HMS Belfast

Light cruiser HSM Belfast First, let’s learn some naval ship history. As we all know, England ruled the seas during the era of tall ships. In the late 1800s, the era of steam and motor-powered ships made of steel began. The vessels were built larger and larger and the battle ship cannons bigger and bigger. But even then, England continued to rule the oceans. No other world maritime nation has built so many battle ships as Great Britain. Today, time has passed by the large battle ships with cannons. The last battle ships were built during the World War II. Instead of them, the seas are now dominated by aircraft carriers and submarines.
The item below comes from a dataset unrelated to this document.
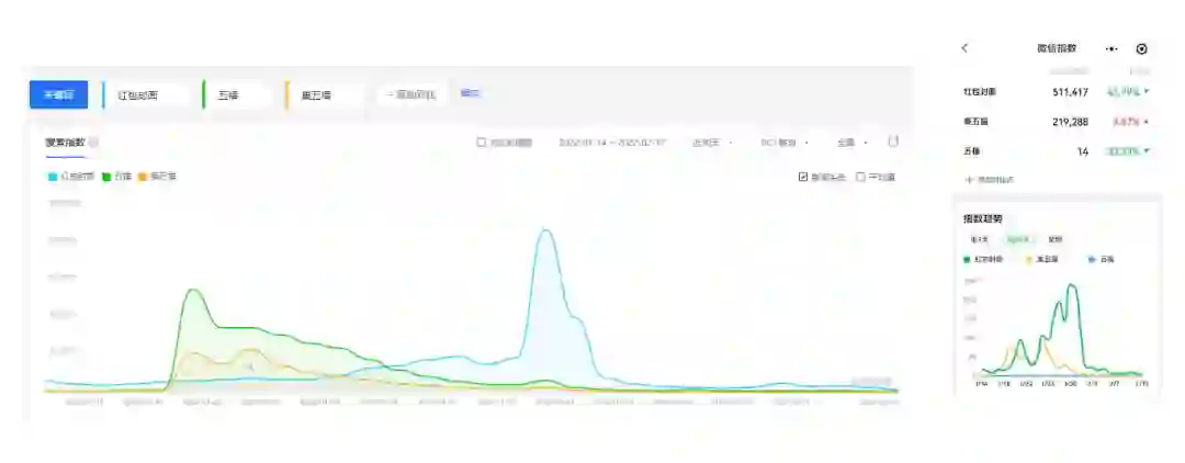 此外,从百度指数和微信指数来说,也是一样的结果(PS:支付宝集五福活动中,五福和集五福都可能是关键词,为了保证对比的一致性,将两个关键词一同计入)。

HMS Belfast is a light cruiser dating back to the Second World War. It has functioned as a museum since 1971 and is moored on the River Thames between Tower Bridge and London Bridge. The Tower of London stands on the opposite side of the river. The vessel’s displacement is slightly over 11,000 tons, compared to over 40,000 tons of the largest battle ships. Its main armaments are twelve six-inch (152 mm) and twelve four-inch (102 mm) guns. The six-inch guns are located in four triple turrets, whilst the four-inch guns are in six twin mounts. HMS Belfast has participated in numerous battle assignments during the World War II, including the invasion of Normandy, or the “D-Day”.

At the end of the war, the cruiser was transferred to the Far East waters, where HMS Belfast also participated in the Korean War and other operations. In 1962, it was brought back to European waters and was soon thereafter taken out of active service. It has served as a museum for the past 40 years.